> **MATERIAL FOR THIS EXERCISE**:
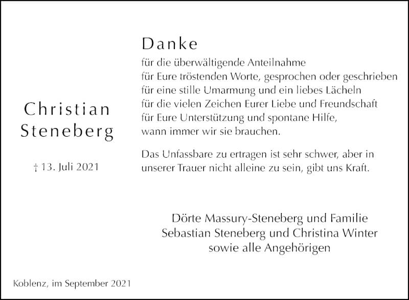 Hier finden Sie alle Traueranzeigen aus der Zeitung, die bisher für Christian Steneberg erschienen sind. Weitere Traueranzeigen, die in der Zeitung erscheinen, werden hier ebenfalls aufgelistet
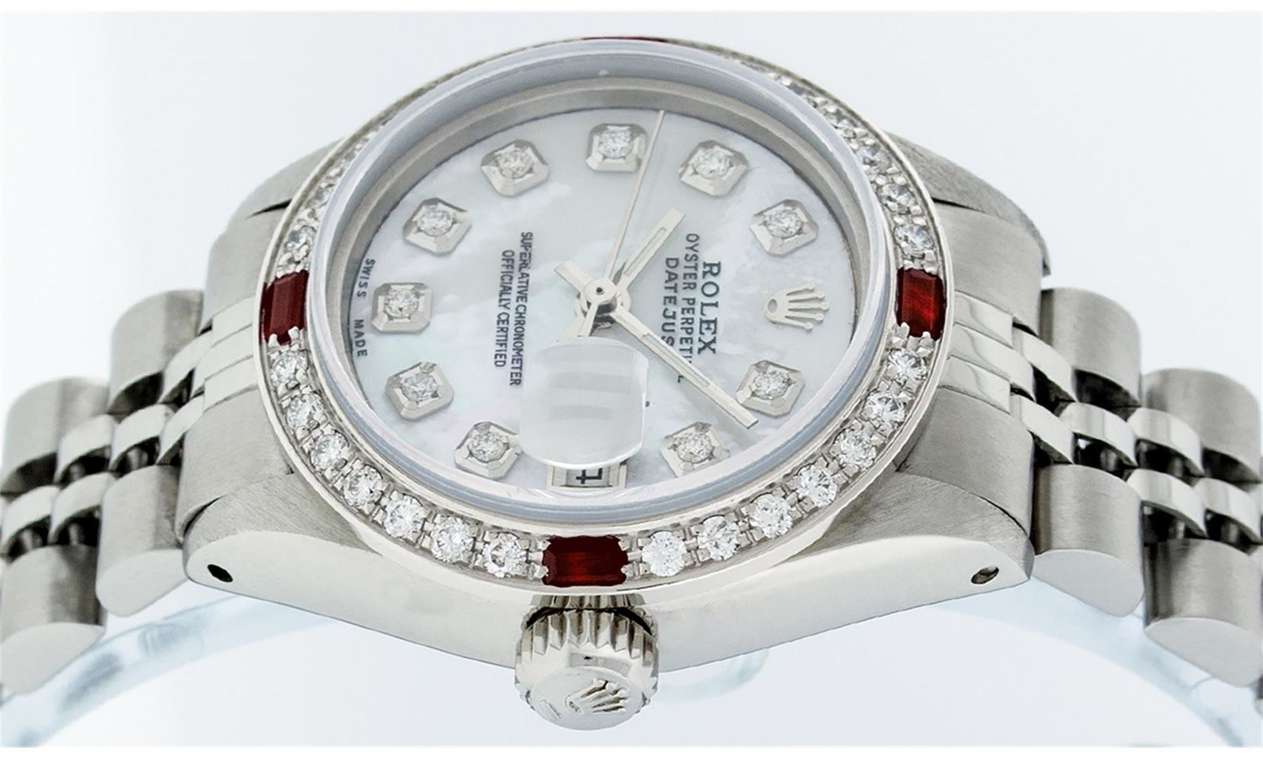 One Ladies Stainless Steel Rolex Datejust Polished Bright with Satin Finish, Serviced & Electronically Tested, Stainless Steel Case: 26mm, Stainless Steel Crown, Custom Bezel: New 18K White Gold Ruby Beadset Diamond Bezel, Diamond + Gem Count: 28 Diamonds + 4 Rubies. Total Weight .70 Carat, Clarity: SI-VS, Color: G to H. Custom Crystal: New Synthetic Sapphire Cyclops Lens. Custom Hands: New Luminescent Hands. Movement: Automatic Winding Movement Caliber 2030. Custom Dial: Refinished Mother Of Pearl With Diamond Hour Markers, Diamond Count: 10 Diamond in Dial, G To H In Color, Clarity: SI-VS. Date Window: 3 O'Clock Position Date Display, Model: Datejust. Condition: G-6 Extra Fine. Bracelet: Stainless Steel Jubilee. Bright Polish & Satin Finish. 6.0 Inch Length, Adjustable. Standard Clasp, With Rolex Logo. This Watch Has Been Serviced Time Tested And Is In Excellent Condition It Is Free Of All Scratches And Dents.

* * *

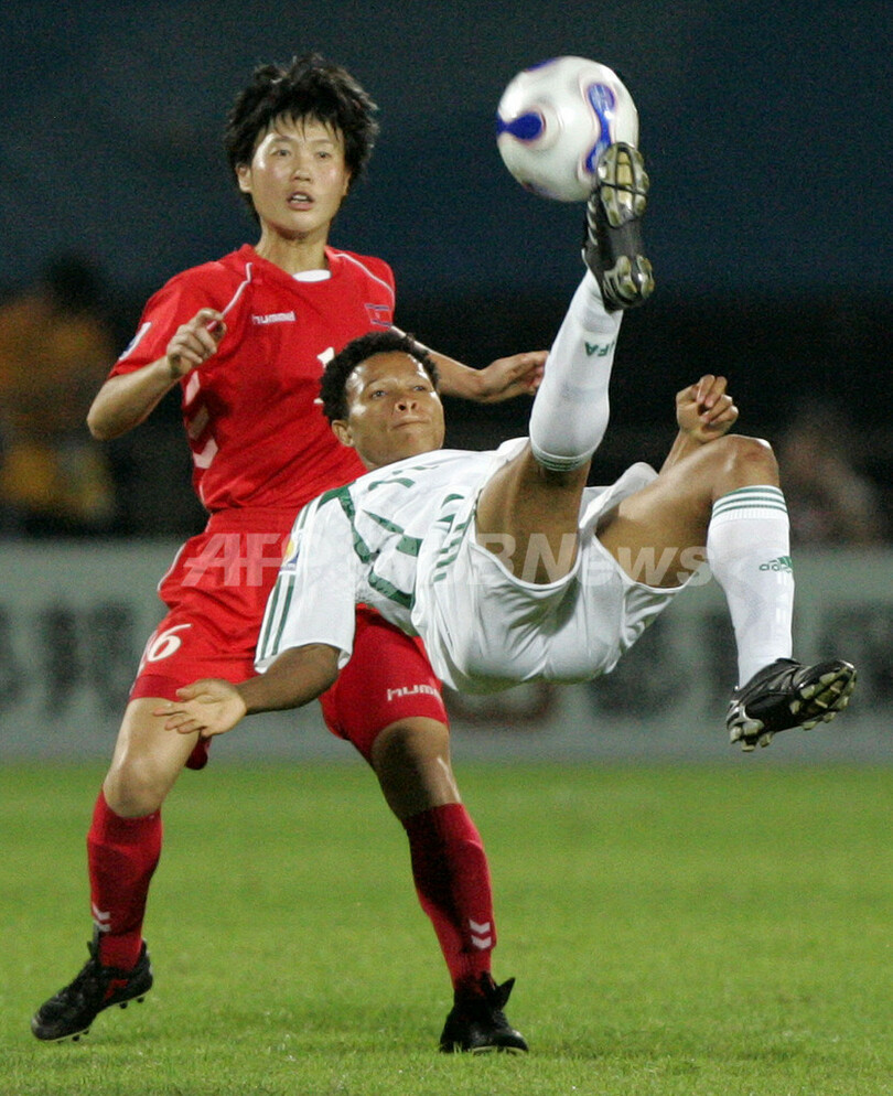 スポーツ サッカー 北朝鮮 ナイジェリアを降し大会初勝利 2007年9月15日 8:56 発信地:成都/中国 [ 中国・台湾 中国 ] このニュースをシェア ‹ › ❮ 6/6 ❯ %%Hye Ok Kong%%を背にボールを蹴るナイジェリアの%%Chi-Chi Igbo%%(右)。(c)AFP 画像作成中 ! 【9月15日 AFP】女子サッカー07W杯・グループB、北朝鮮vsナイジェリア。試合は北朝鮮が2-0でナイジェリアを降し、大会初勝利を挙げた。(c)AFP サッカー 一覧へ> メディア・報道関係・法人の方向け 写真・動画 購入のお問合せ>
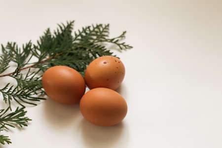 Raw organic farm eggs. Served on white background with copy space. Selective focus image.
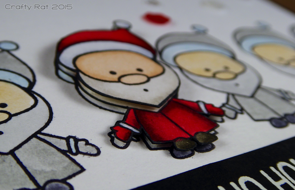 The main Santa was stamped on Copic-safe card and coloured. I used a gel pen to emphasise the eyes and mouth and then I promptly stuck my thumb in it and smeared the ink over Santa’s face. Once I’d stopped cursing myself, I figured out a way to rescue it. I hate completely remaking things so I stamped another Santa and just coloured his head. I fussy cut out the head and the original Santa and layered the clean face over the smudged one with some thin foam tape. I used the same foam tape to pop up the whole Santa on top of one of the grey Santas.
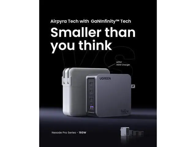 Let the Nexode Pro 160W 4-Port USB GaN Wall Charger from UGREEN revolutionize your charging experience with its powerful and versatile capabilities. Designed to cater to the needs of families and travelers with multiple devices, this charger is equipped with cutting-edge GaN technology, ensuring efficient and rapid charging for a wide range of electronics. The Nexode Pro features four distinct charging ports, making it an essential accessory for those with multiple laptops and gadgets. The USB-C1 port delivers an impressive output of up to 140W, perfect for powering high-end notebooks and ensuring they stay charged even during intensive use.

> **WORK TO BE COMPLETED**: Both the line above containing "スポーツ サッカー 北朝鮮" and the line containing "Raw organic farm" belong in the copy, along with every line between them; print these exactly and omit the pictures.

> **WRITTEN SOLUTION**:
 スポーツ サッカー 北朝鮮 ナイジェリアを降し大会初勝利 2007年9月15日 8:56 発信地:成都/中国 [ 中国・台湾 中国 ] このニュースをシェア ‹ › ❮ 6/6 ❯ %%Hye Ok Kong%%を背にボールを蹴るナイジェリアの%%Chi-Chi Igbo%%(右)。(c)AFP 画像作成中 ! 【9月15日 AFP】女子サッカー07W杯・グループB、北朝鮮vsナイジェリア。試合は北朝鮮が2-0でナイジェリアを降し、大会初勝利を挙げた。(c)AFP サッカー 一覧へ> メディア・報道関係・法人の方向け 写真・動画 購入のお問合せ>
 Raw organic farm eggs. Served on white background with copy space. Selective focus image.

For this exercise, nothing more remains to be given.